Return each line of the listing exactly, though without its images.

Study material —
· · · · ·

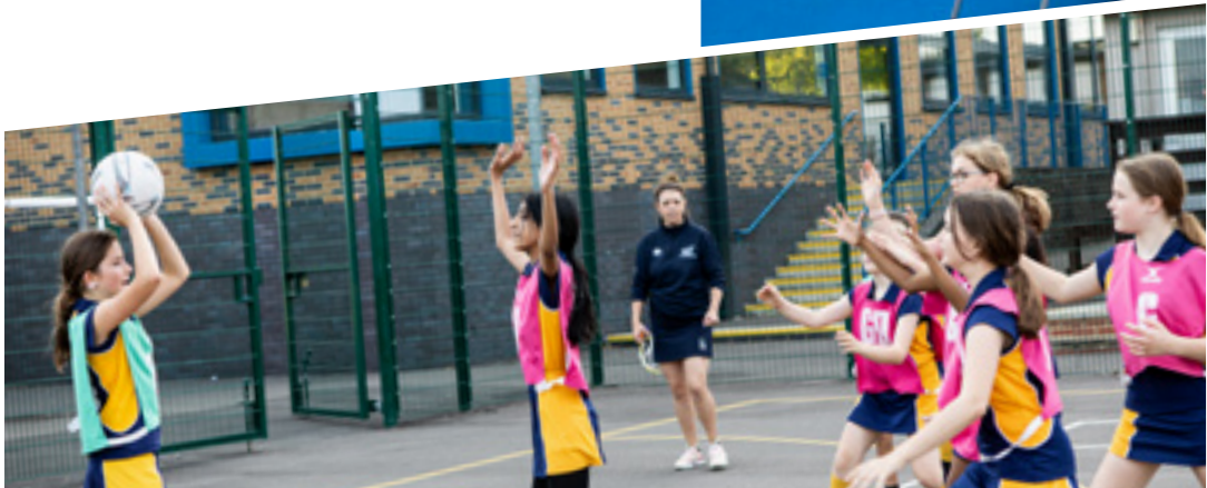
COLLABORATION IS ONE OF OUR CORE VALUES, EVIDENT IN LESSONS, ACTIVITIES & THE MANY SPORTS IN WHICH STUDENTS CAN REPRESENT THE SCHOOL.

Our great facilities include: a purpose-built Maths block, state of the art Drama theatre and adjoining rehearsal studio, professional standard, floodlit Astroturf, three new, floodlit tennis / netball courts, and our enviable Furze Platt Leisure Centre, Sixth Form and the Music department with professional-standard recording studio. In recent years we have added a new English department along with state-of-the-art Science laboratories and a new Theatre which stages performances and events for audience of over four hundred.
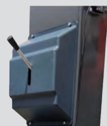
One Side Safety Locks Release
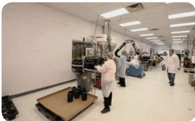
Vitaquest’s versatile manufacturing capability comprises a wide selection of product formats, including tablets, capsules, powders, liquids, creams and lotions.

With an impressive library of research papers at its disposal, Lipa is able to substantiate label claims across a broad spectrum of actives and conditions. The professional service allows Lipa to have a substantial impact on market penetration, specifically in the therapeutic areas of joint health, cardiovascular health and antioxidants.
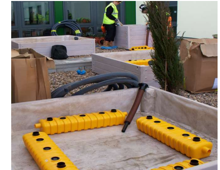
Water storage tanks and filler pipe

For full details visit: www.green-tech.co.uk
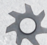
CARBIDE MILLING CHUCKER 7 Pt Part# 20336
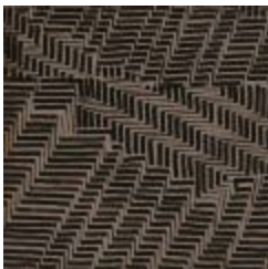
Design Study (1997.6.4)
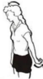
9. Wrist Extensor Stretch (tilt head to opposite side, keep elbow straight)
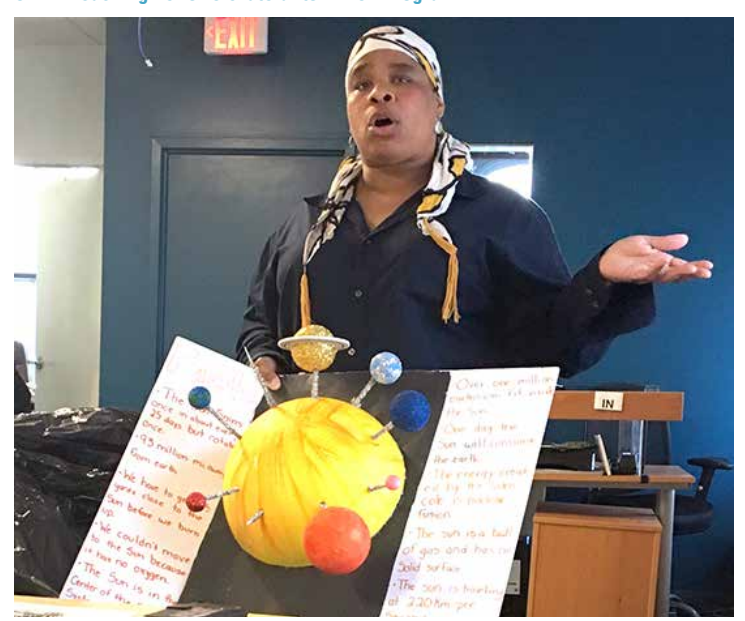
STEM Teaching Fellows Grateful to Finish Program

Pre-pandemic, the PECO-sponsored McKinney Center Teaching Fellows Program, administered by PEF, met Monday nights for hands-on workshops and to work on their capstone projects. During the pandemic, PEF staff created an online community to allow the Fellows to meet, share and critique presentations via the web. Projects ranged from "Designing Energy-Efficient Houses" to "Maker-Spaces." The teachers were grateful to be able to continue the program, and virtual attendance was better than in-person! The PECO STEM Teaching Fellows Program is being continued for 2021.
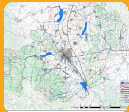
Flood vulnerability map of Ferizaj/Urosevac
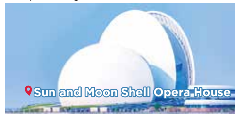
📍 Sun and Moon Shell Opera House
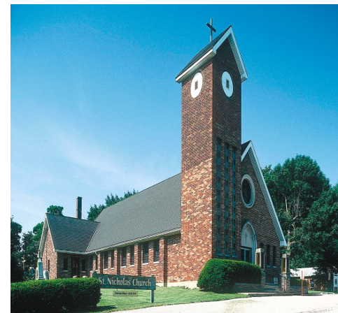
Saint Nicholas - Pocahontas
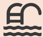
ROOF TOP POOL
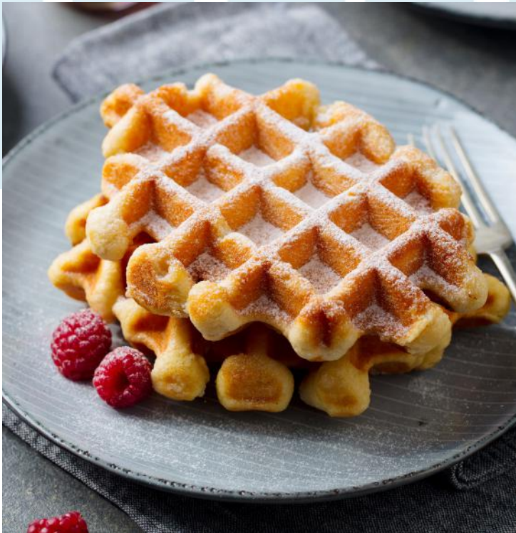
5190 WAFFLE AND PANCAKE MIX Our Waffle & Pancake Mix, a classic buttermilk blend perfect for making effortlessly delicious waffles and pancakes every time. This versatile mix ensures crispy waffles or fluffy pancakes for a delightful morning treat. Makes 10 servings. 400 g (14.1 oz.) $18.00
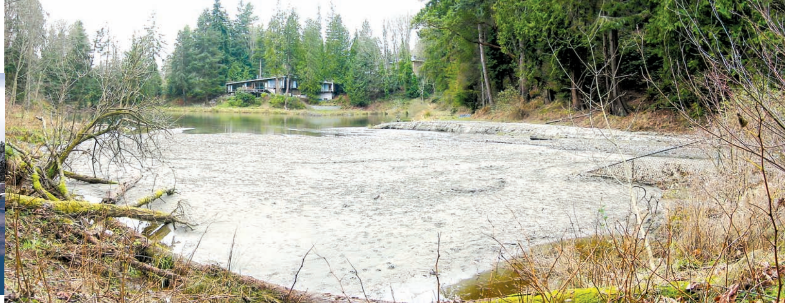
The foreground of this photo taken December 14 of Hidden Lake looking southwest shows the sand washed into the sediment forebay from the December 3 storm.
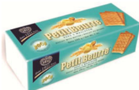
KRAS 03417 PETIT BEURRE 15/200g UPC - 3850102311163
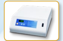
LCO 2 Back-up System
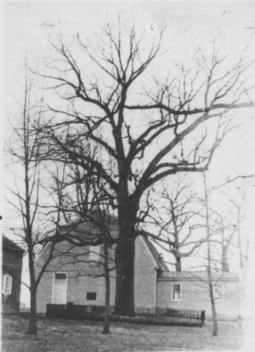
THE WITNESS TREE

Events in Lexington and Concord, Massachusetts, in April, 1775, foreshadowed a solemn oath that would be taken in June, 1777, around a tree outside Donegal Presbyterian Church.
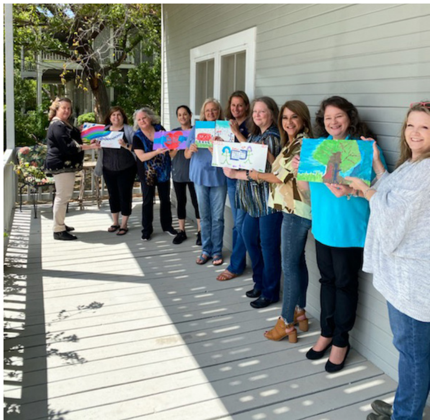
Pictured at right: The Hill Country Chapter at their meeting in Kingsland.
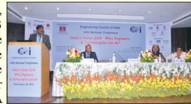
14th National Conference - The Panel Discussion in progress

session. The topics, covered by the 13 speakers, were quite informative and were well appreciated by the audience, for their quality and depth. A Souvenir was also
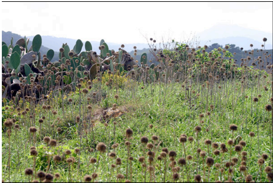
Habitat illot des Porros (21-10-2008)
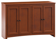
48\"W Cabinet 48-3/4\"W x 33-1/4\"H
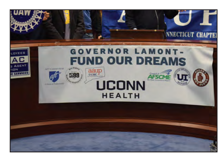
Attendees holding a sign advocating for better funding for higher education.

· · · · ·

Answer to the exercise —
COLLABORATION IS ONE OF OUR CORE VALUES, EVIDENT IN LESSONS, ACTIVITIES & THE MANY SPORTS IN WHICH STUDENTS CAN REPRESENT THE SCHOOL.

Our great facilities include: a purpose-built Maths block, state of the art Drama theatre and adjoining rehearsal studio, professional standard, floodlit Astroturf, three new, floodlit tennis / netball courts, and our enviable Furze Platt Leisure Centre, Sixth Form and the Music department with professional-standard recording studio. In recent years we have added a new English department along with state-of-the-art Science laboratories and a new Theatre which stages performances and events for audience of over four hundred.
One Side Safety Locks Release
Vitaquest’s versatile manufacturing capability comprises a wide selection of product formats, including tablets, capsules, powders, liquids, creams and lotions.

With an impressive library of research papers at its disposal, Lipa is able to substantiate label claims across a broad spectrum of actives and conditions. The professional service allows Lipa to have a substantial impact on market penetration, specifically in the therapeutic areas of joint health, cardiovascular health and antioxidants.
Water storage tanks and filler pipe

For full details visit: www.green-tech.co.uk
CARBIDE MILLING CHUCKER 7 Pt Part# 20336
Design Study (1997.6.4)
9. Wrist Extensor Stretch (tilt head to opposite side, keep elbow straight)
STEM Teaching Fellows Grateful to Finish Program

Pre-pandemic, the PECO-sponsored McKinney Center Teaching Fellows Program, administered by PEF, met Monday nights for hands-on workshops and to work on their capstone projects. During the pandemic, PEF staff created an online community to allow the Fellows to meet, share and critique presentations via the web. Projects ranged from "Designing Energy-Efficient Houses" to "Maker-Spaces." The teachers were grateful to be able to continue the program, and virtual attendance was better than in-person! The PECO STEM Teaching Fellows Program is being continued for 2021.
Flood vulnerability map of Ferizaj/Urosevac
📍 Sun and Moon Shell Opera House
Saint Nicholas - Pocahontas
ROOF TOP POOL
5190 WAFFLE AND PANCAKE MIX Our Waffle & Pancake Mix, a classic buttermilk blend perfect for making effortlessly delicious waffles and pancakes every time. This versatile mix ensures crispy waffles or fluffy pancakes for a delightful morning treat. Makes 10 servings. 400 g (14.1 oz.) $18.00
The foreground of this photo taken December 14 of Hidden Lake looking southwest shows the sand washed into the sediment forebay from the December 3 storm.
KRAS 03417 PETIT BEURRE 15/200g UPC - 3850102311163
LCO 2 Back-up System
THE WITNESS TREE

Events in Lexington and Concord, Massachusetts, in April, 1775, foreshadowed a solemn oath that would be taken in June, 1777, around a tree outside Donegal Presbyterian Church.
Pictured at right: The Hill Country Chapter at their meeting in Kingsland.
14th National Conference - The Panel Discussion in progress

session. The topics, covered by the 13 speakers, were quite informative and were well appreciated by the audience, for their quality and depth. A Souvenir was also
Habitat illot des Porros (21-10-2008)
48\"W Cabinet 48-3/4\"W x 33-1/4\"H
Attendees holding a sign advocating for better funding for higher education.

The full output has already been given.